Encoding the List of Primes
The Wheel of 30 have 8 slots, a char have 8 bits, so both are in synch, it simplify its usage. Each slot is assigned a bit. The value of a char
is the sum of bits of slots which are Primes.
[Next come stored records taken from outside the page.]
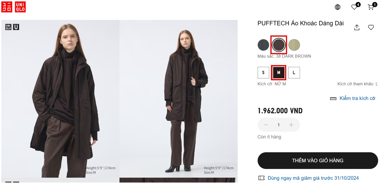 Bước 1. Tìm sản phẩm mà bạn yêu thích. Chọn màu và kích cỡ sản phẩm mong muốn.
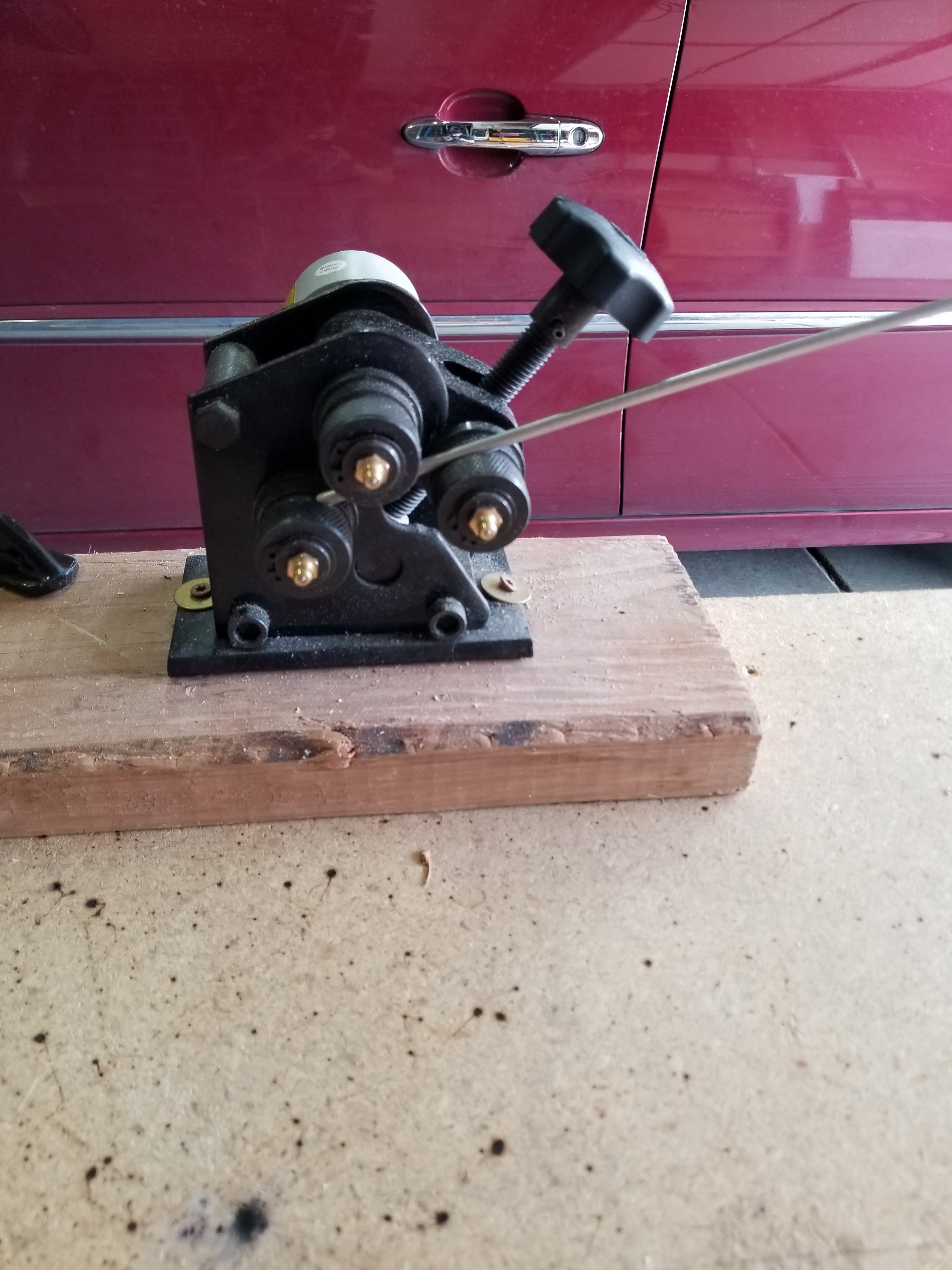We purchased a “planetary ring roller” from Harbor Freight for about $70 dollars (painful but we really needed the tool to do this well) and used this to roll the metal into hoops of appropriate sizes. The quality of this tool was definitely questionable and we had multiple issues with it (missing cotter pin for attaching the handle, highly imprecise controls for setting ring diameter, adjustment knob breaking twice, adjustments “slipping” over time, frame cracking significantly, inability to roll rings down to the smallest diameter advertised on the box) but it did serve its purpose. If we had to do it again, we might splurge on a more expensive but higher quality tool, though it really isn’t something we have use for beyond this project.
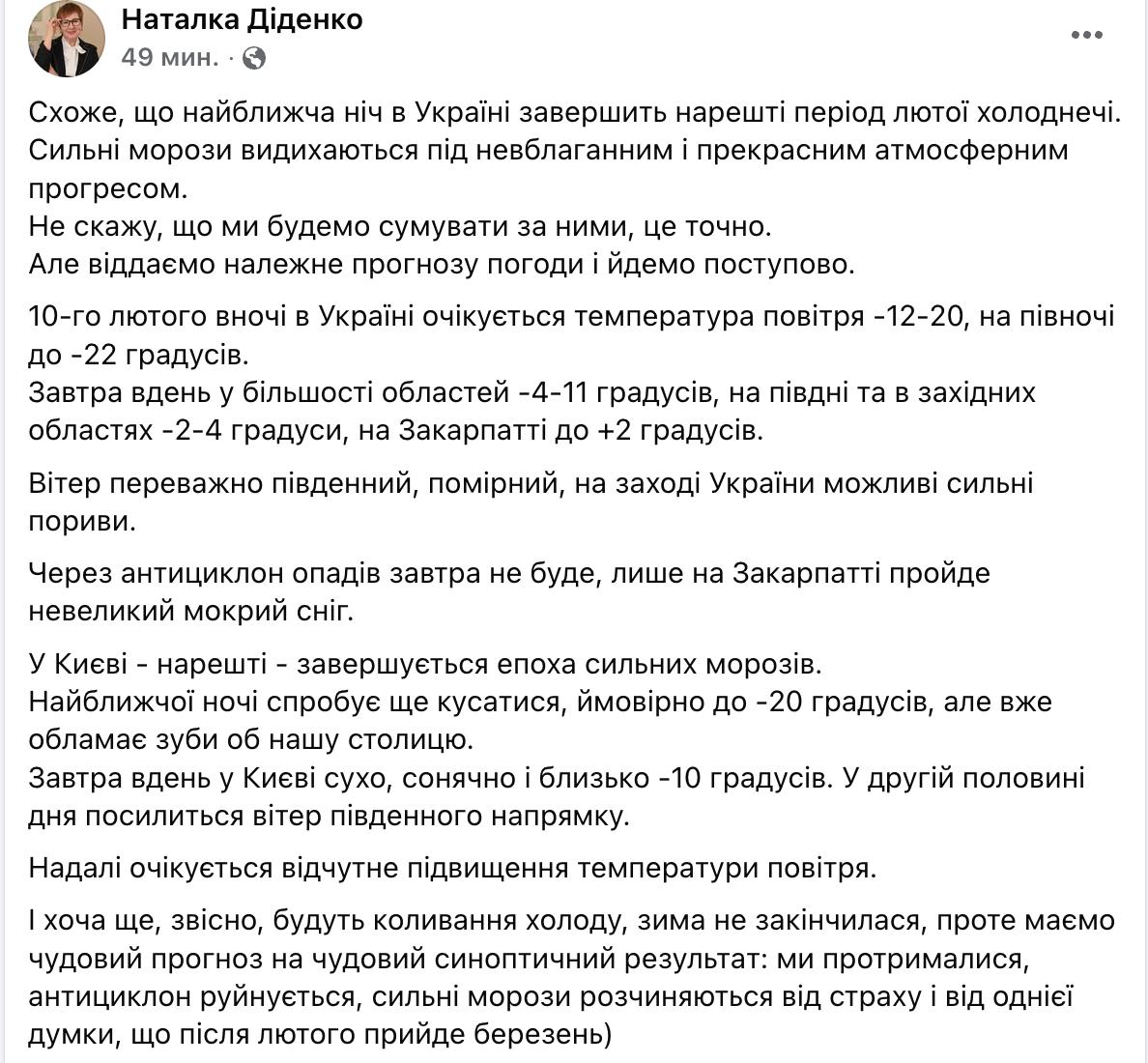 В Киеве наконец завершается эпоха сильных морозов. Ближайшей ночью ещё попробует кусаться, вероятно до -20 градусов, но уже обломает зубы об нашу столицу. Завтра днём в Киеве сухо, солнечно и около -10 градусов. Во второй половине дня усилится ветер южного направления", - написала синоптик.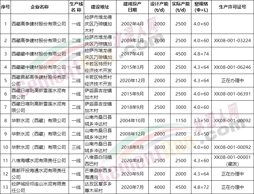 西藏自治區(qū)水泥熟料生產(chǎn)線清單顯示,包括西藏高爭、高新雪蓮、華新西藏、八宿海螺、昌都開投海通以及拉薩城投祁連山水泥在內(nèi)的13條熟料生產(chǎn)線,實(shí)際年產(chǎn)能達(dá)千萬噸以上。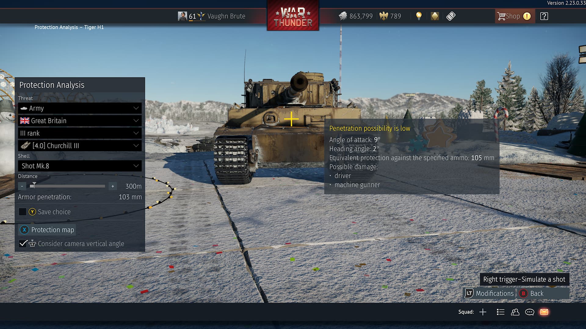 With this ammo and gun the Churchill can on paper pen the frontal armor of the Tiger but not consistently

Here is how the list is encoded:
0x01 0x02 0x04 0x08 0x10 0x20 0x40 0x80 code
7 11 13 17 19 23 29 0xfe
31 37 41 43 47 53 59 0xdf
61 67 71 73 79 83 89 0xef
97 101 103 107 109 113 0x7e
127 131 137 139 149 0xb6
151 157 163 167 173 179 0xdb
181 191 193 197 199 0x3d
211 223 227 229 233 239 0xf9
241 251 257 263 269 0xd5
271 277 281 283 293 0x4f
307 311 313 317 0x1e
331 337 347 349 353 359 0xf3
367 373 379 383 389 0xea
397 401 409 419 0xa6
421 431 433 439 443 449 0xed
457 461 463 467 479 0x9e
487 491 499 503 509 0xe6
521 523 0x0c
541 547 557 563 569 0xd3
571 577 587 593 599 0xd3
The code showing how the list is encoded is as given below:
void TD_EncodeDtl(int Max) {
long long Wheel[] = { 6, 4, 2, 4, 2, 4, 6, 2, 0 };
long long Cand = 1;
cout << "0x01\t0x02\t0x04\t0x08\t0x10\t0x20\t0x40\t0x80\tcode" << endl;
while (Cand < Max) {
int Code = 0;
int Index = 1;
int Ind = 0;
do {
if ((TD_SRW(Cand) == Cand) && (Cand != 1)) {
Code |= Index;
cout << dec << Cand;
}
cout << "\t";
Cand += Wheel[Ind];
Index = Index << 1;
Ind++;
} while (Wheel[Ind] != 0);
cout << "0x" << setfill('0') << setw(2) << hex << Code << dec << endl;
}
}
TrialDivLP.cpp in TrialDivLP.zip.
And the code to generate the array is as follows :
// encode Prime Numbers as C array
void TD_EncodeArray(int Max) {
long long Wheel[] = { 6, 4, 2, 4, 2, 4, 6, 2, 0 };
long long Cand = 1;
cout << "Encodage liste nombres premiers compressée" << endl;
cout << "{";
while (Cand < Max) {
int Code = 0;
int Index = 1;
int Ind = 0;
do {
if ((TD_SRW(Cand) == Cand) && (Cand != 1)) {
Code |= Index;
}
Cand += Wheel[Ind];
Index = Index << 1;
Ind++;
} while (Wheel[Ind] != 0);
cout << "0x";
cout << setfill('0') << setw(2) << hex << Code << ",";
}
cout << "0}" << dec << endl;
}
TrialDivLP.cpp in TrialDivLP.zip.
Benchmark
We are counting divisions/modulos to measure the efficiency of the variantes. The encoded list of Primes goes up to 1,000,000 and is stored in a 33kB array.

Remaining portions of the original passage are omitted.